Perusing the web this morning, I ran across an article by Robert Reich in the Guardian calling for Elon Musk to be hermetically sealed in a tin can because X is a free speech site where people say things Reich doesn’t like.
He calls it “disinformation”.
It is apparently that time of year when the New York Times feels the need to get rid of the Constitution, they have published another in a long lines of navel gazing pieces, this one titled “America’s Constitution is Sacred. Is It Also Dangerous?”
The Times is legit distraught there are things prohibited to government. We would be so much better off if the Constitution wasn’t in the way. As the president of the Human Rights Campaign, Kelley Robinson, said at the DNC a couple of weeks ago, we must "reimagine" freedom and democracy beyond the Founders' "little piece of paper".
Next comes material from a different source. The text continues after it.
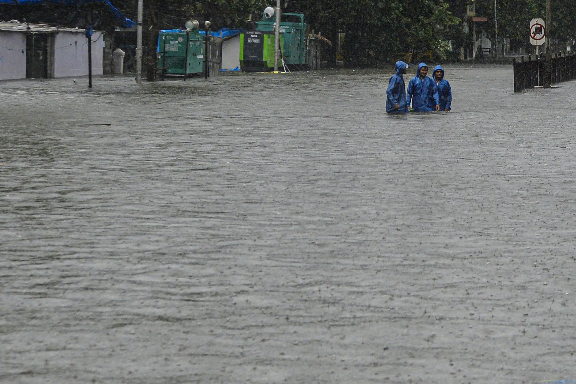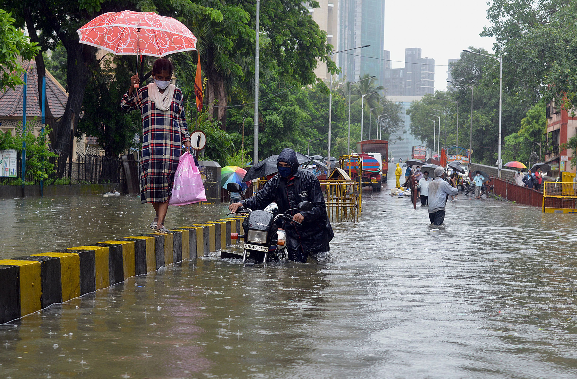 通勤者在8月4日孟买的暴雨中涉水而过。

This is the kind of stuff Thomas Jefferson was talking about in his July 12, 1816 letter to Samuel Kercheval:
"A departure from principle in one instance becomes a precedent for a second; that second for a third; and so on, till the bulk of the society is reduced to be mere automatons of misery, and to have no sensibilities left but for sinning and suffering. Then begins, indeed, the bellum omnium in omnia, which some philosophers observing to be so general in this world, have mistaken it for the natural, instead of the abusive state of man. And the fore horse of this frightful team is public debt. Taxation follows that, and in its train wretchedness and oppression."
The first sentence says it all. If we give an inch, your next ruler may as well be calibrated in miles - because that is what they will take.
There is no doubt the Constitution is dangerous to collectivists who believe nothing is off the table when considered in the light of what is by and for the state. One must remember, when any politician uses a subjective term, like “disinformation” or “dangerous”, someone is going to decide what that subjective term or idea means.
As Humpty Dumpty said about the meaning of words, “The question is, which is to be master - that’s all.”
And make no mistake, the global left aims to be the master.
Several years ago, I came to a significant realization - the fact that I have to be so concerned about which candidate for president wins because the aftermath is so important - from what kind of Supreme Court justices they will appoint to whether they will be used to cancel free speech - seems to indicate the federal government has far too much power over me, the average citizen.
Our governance has long left the constraints of the Constitution behind and become a Ponzi Scheme, a long con, where politicians reap millions in personal wealth from the public coffers - as they continue to kick the can down the road by increasing the burden on those they rule. They are incurring debt now that won't be paid by us or our children - or even our grandchildren - but will be borne by our grandchildren's children and grandchildren. That is how long the structural defect we are building into our system will last - unless the system collapses. It is generational theft.
We are automatons living the senseless existence of obedience as if we are characters in Fritz Lang's movie "Metropolis." The fictional worlds of Orwell, Wells, Huxley and Rand are no longer fiction. In any definition, we ALREADY ARE a democratic socialist society, complete with the indentured servitude brought forth by welfare dependence of the poor, wage slavery of the middle class and tax slavery for the more successful.
Just think about it - there is not a single minute of your day that isn't touched by a "fee", a tax, a law, a regulation or an action that could not be subjected to some sort of review if you are unlucky enough to find yourself in front of some governing bureaucracy or agency. You are subjected to surveillance without your knowledge or approval, you are tracked based on how you handle your cash or drive your car - and you even are told what days you can run the sprinklers in your yard.
The question is, which is to be the master - that’s all.
If one critically reads the US Constitution, one thing becomes clear - the Constitution is a document designed to become irrelevant. If the principles it contains are honored above all other human laws, there is no need to place "life or death" importance on who holds a particular national office because that power is vested in the individual and in smaller and smaller units of governance (that is the brilliance of federalism).
If there is any hope of reclaiming the liberty bequeathed us by a class of people who fought a war because they believed death was preferable to a life without liberty, we must find a way to contain role of government within constitutional limits.
Until we do, we must be concerned with which candidate for president is most likely to help us do just that.
Excellent article. Unfortunately soberingly true.
Brilliant, insightful, and very disturbing.
We are in an epic struggle between good and evil and evil shows up as clowns: Karmala and Coach Timmy.